In this graph two SNOTEL site minimum average monthly temperatures plus a 2 degree increase are displayed. Little Grassy is the most southern low elevation (6100 ft) site we have. It currently has a low snowpack (6inches of SWE or less) in any given year and is melted out by April 1. Steel Creek Park is at 10,200 feet on the north slope of the Uintah Mountains in northern Utah – a typical cold site. As you can see, a 2 degree increase in temperature at Little Grassy could potentially shorten the snow accumulation/ablation seasons by a week or so on either end. This is an area which contributes to streamflow in only the highest of snowpack years and as such, a 2 week decrease in potential snow accumulation may be difficult to detect given the huge inter annual variability in SWE. A two degree rise in temperature at Steel Creek Park is meaningless – it would have little to no impact on snow accumulation or ablation.

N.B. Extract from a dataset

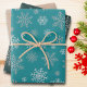 Ces trois feuilles de papier d'emballage présentent des flocons de neige argentés sur un arrière - plan de rose turquoise, bleu foncé et poussiéreux.

Thus most/much/some of Utah and similar areas west wide may have some temperature to ‘give’ in a climate warming scenario prior to having significant impacts to water resources. Supporting evidence for this concept comes from the observation that estimates of temperature increases for Utah are about 2 degrees or so and we have as yet, not been able to document declines in SWE or its pattern of accumulation due to that increase. A question for further research would be – at what level of temperature increase could we anticipate temperature impacting snowpacks.
More rain, less snow
In the west where snow is referred to as white gold, the potential of less snow has huge financial implications from agriculture to recreation. The main reason many streams in the west flow at all is because infiltration capacity and deeper soil moisture is exceeded due to snowmelt of 1 to 2 inches per day over a 2 to 12 week period keeping soils saturated and excess water flowing to the stream. In the cool continental areas of the west, it can be easily demonstrated that 60%, 70%, 80% and in some cases exceeding 95% of all streamflow originates as snow. Summer precipitation has to exceed some large extent and magnitude to have any impact on streamflow at all and typically when it does, it pops up for a day and immediately returns to base flow levels. So more rain, less snow has a very ominous tone and over a long period of time, if snowpacks indeed dwindle to near nothing, very serious impacts could occur. In the short run in a counterintuitive manner, rain on snow may actually increase flows. Let’s examine how this might occur. Currently, the date snowpacks begin is hugely variable and dependent on elevation, it can range from mid September to as late as early December. If rain occurs in the fall months it is typically held by the soil through the winter months and contributes to spring runoff by soil saturation. Soils that are dry typically take more of an existing snowpack to bring them to saturation prior to generating significant runoff. Soils that are moist to saturated take far less snowmelt to reach saturation and are far more efficient in producing runoff.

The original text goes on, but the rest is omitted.